◆ **Records from a data collection**
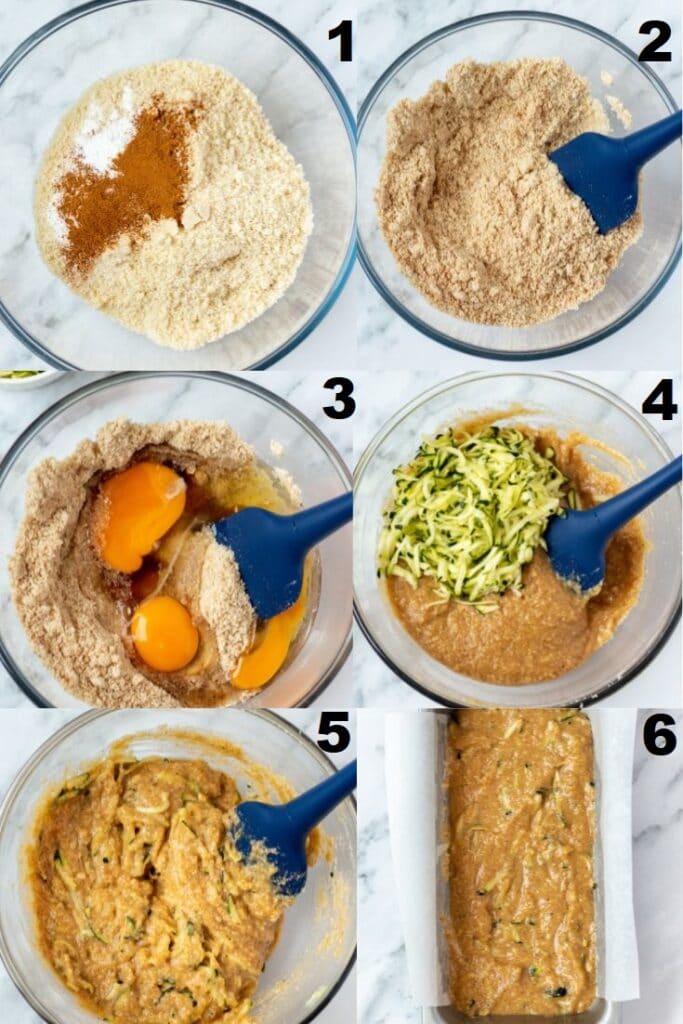 Ingredients to make keto zucchini bread in individual bowls.
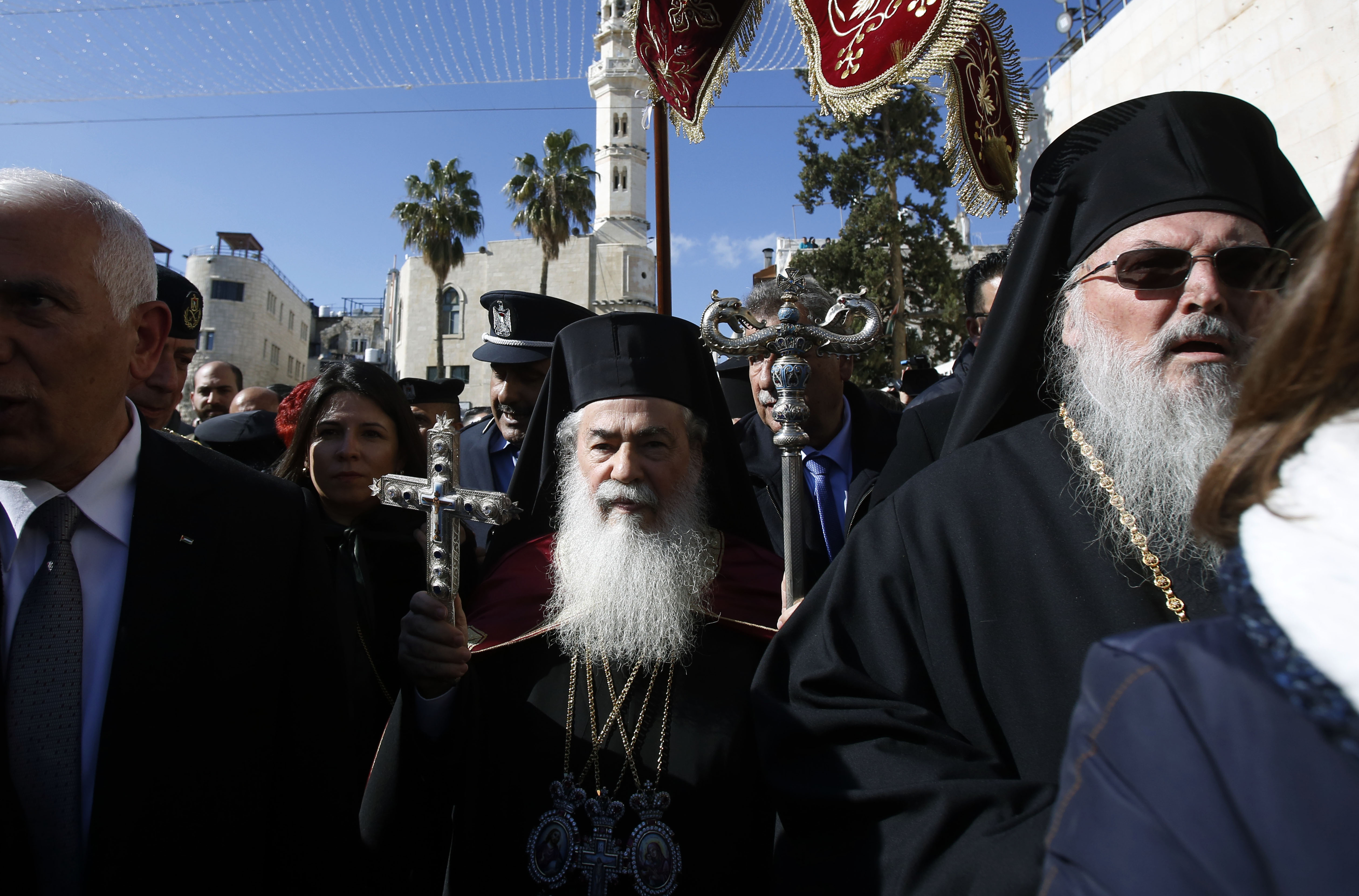 Jerusalem's Greek Orthodox Patriarch Theophilos III arrives in Bethlehem, 6 January (AFP)
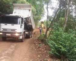 * Finalização dos serviços de manutenção das estradas na Linha Faxinal dos Rosas;
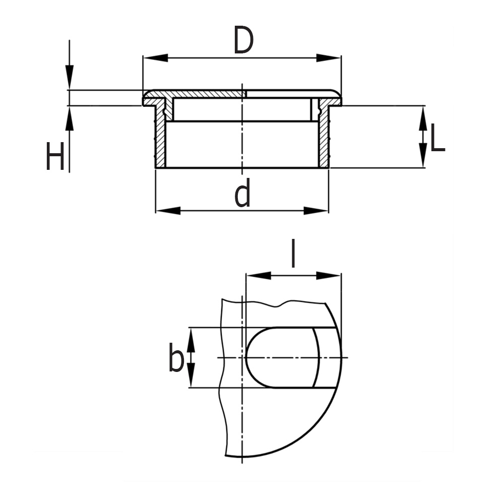 b=Breedte doorvoergat, Boring=Ø-Montagegat, D=Ø-Kop, d=Ø-Schacht, H=Kophoogte, L=Schachtlengte, l=Lengte doorvoergat, Uitv.=Uitvoering
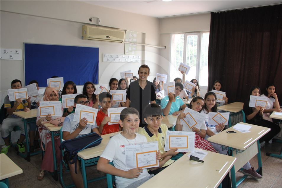 Adana, Osmaniye, Hatay ve Mersin'de 2018-2019 eğitim öğretim yılının sona ermesiyle öğrenciler karne almanın heyecanını yaşadı. Hatay'da da Türk ve Suriyeli öğrenciler, karne sevinci yaşadı.
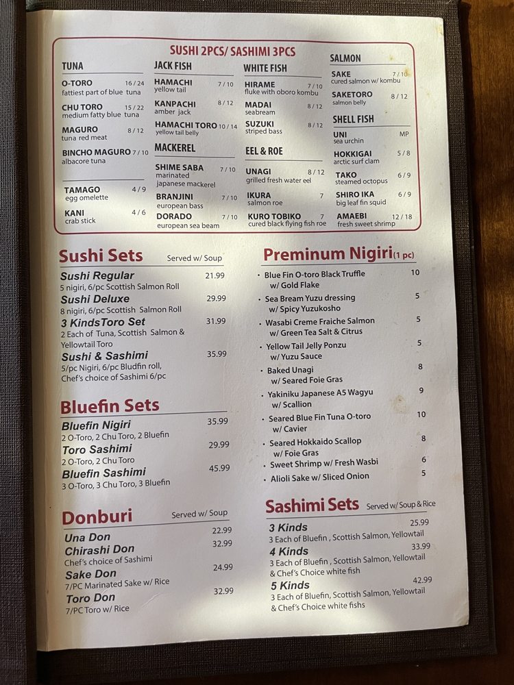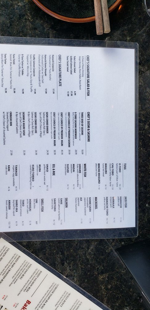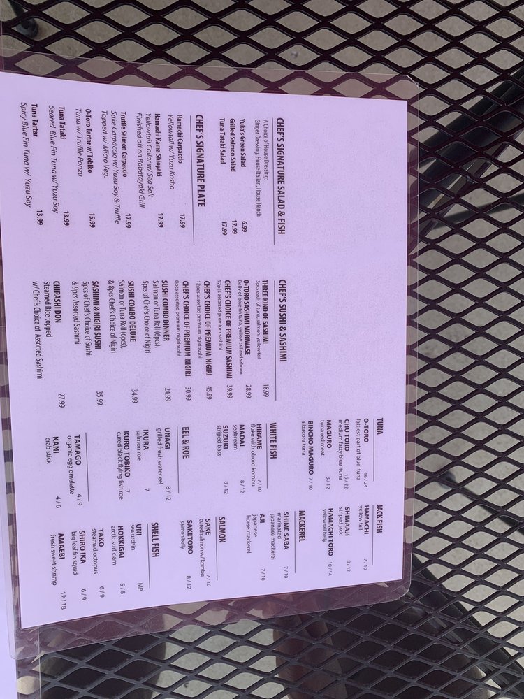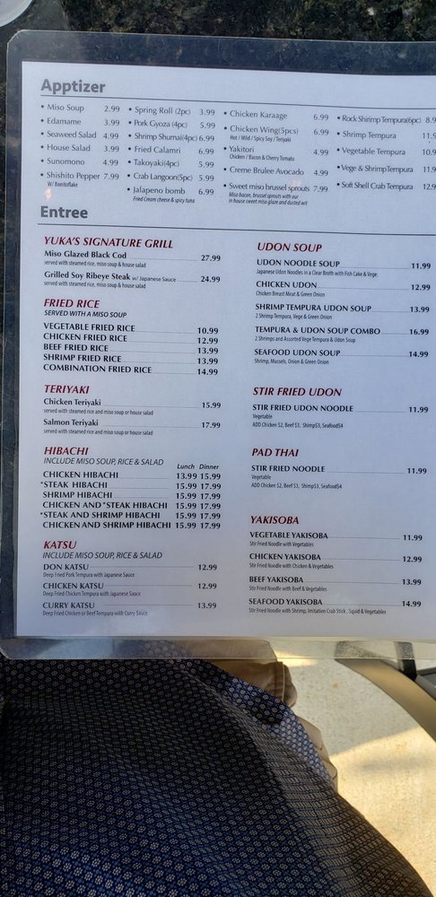 Yuka Sushi Bar Menu

◆ **Exercise requirements**
Please retype exactly the lines from the one containing "Adana, Osmaniye, Hatay" through the last line of the records, both included, leaving out every picture.

◆ **Response below**
 Adana, Osmaniye, Hatay ve Mersin'de 2018-2019 eğitim öğretim yılının sona ermesiyle öğrenciler karne almanın heyecanını yaşadı. Hatay'da da Türk ve Suriyeli öğrenciler, karne sevinci yaşadı.
 Yuka Sushi Bar Menu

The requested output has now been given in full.